**Activity**: Repeat exactly the lines below from the line that contains "The first two" to the last line, inclusive, without the pictures.

____________________

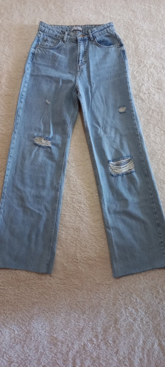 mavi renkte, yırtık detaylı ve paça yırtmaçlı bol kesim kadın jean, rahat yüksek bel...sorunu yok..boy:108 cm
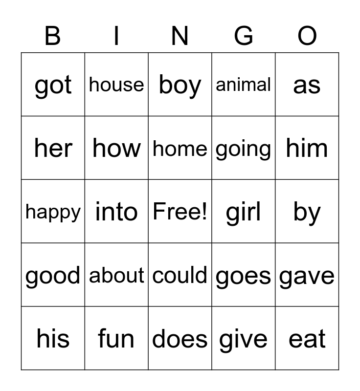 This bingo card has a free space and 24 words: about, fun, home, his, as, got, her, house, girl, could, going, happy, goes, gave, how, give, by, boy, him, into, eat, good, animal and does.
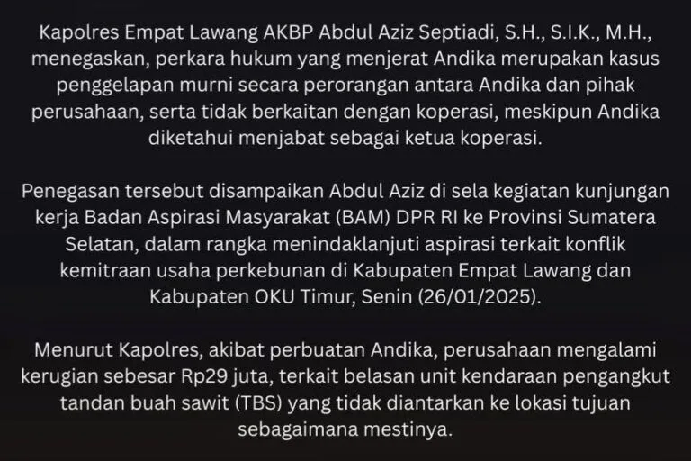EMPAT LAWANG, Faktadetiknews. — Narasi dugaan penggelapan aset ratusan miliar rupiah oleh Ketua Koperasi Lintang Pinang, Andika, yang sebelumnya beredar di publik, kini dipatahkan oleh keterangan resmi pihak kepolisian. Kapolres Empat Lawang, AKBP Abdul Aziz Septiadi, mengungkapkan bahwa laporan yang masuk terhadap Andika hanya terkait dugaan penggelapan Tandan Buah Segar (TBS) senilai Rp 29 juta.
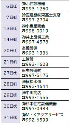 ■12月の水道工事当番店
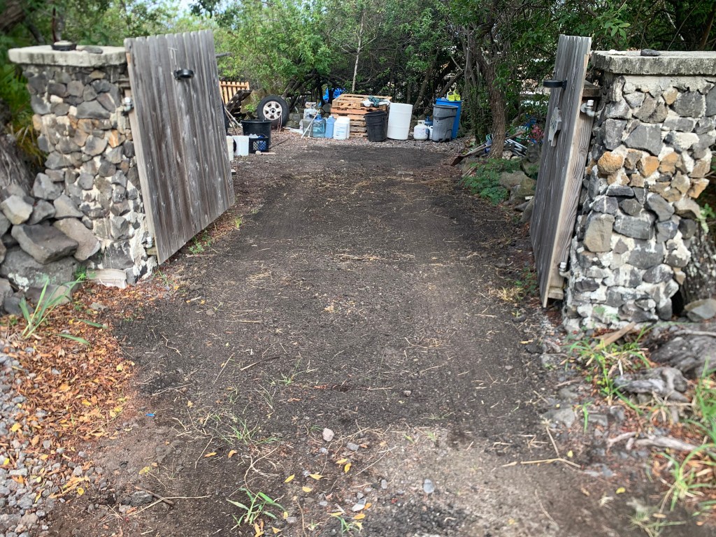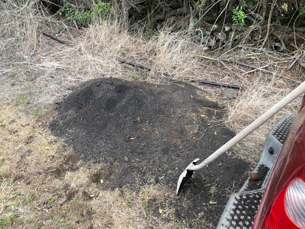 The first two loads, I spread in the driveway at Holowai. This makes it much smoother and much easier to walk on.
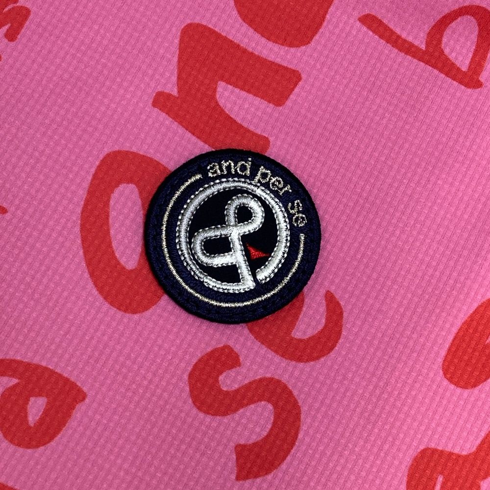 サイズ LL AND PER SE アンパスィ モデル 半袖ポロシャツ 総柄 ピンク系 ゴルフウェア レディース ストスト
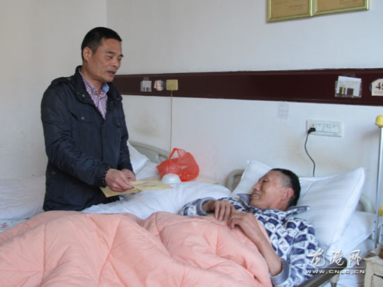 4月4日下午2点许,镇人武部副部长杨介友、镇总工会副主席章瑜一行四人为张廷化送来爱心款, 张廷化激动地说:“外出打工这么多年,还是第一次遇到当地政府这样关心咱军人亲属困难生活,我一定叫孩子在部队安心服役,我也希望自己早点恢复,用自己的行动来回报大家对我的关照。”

____________________

**Solution to this problem**:
 The first two loads, I spread in the driveway at Holowai. This makes it much smoother and much easier to walk on.
 サイズ LL AND PER SE アンパスィ モデル 半袖ポロシャツ 総柄 ピンク系 ゴルフウェア レディース ストスト
 4月4日下午2点许,镇人武部副部长杨介友、镇总工会副主席章瑜一行四人为张廷化送来爱心款, 张廷化激动地说:“外出打工这么多年,还是第一次遇到当地政府这样关心咱军人亲属困难生活,我一定叫孩子在部队安心服役,我也希望自己早点恢复,用自己的行动来回报大家对我的关照。”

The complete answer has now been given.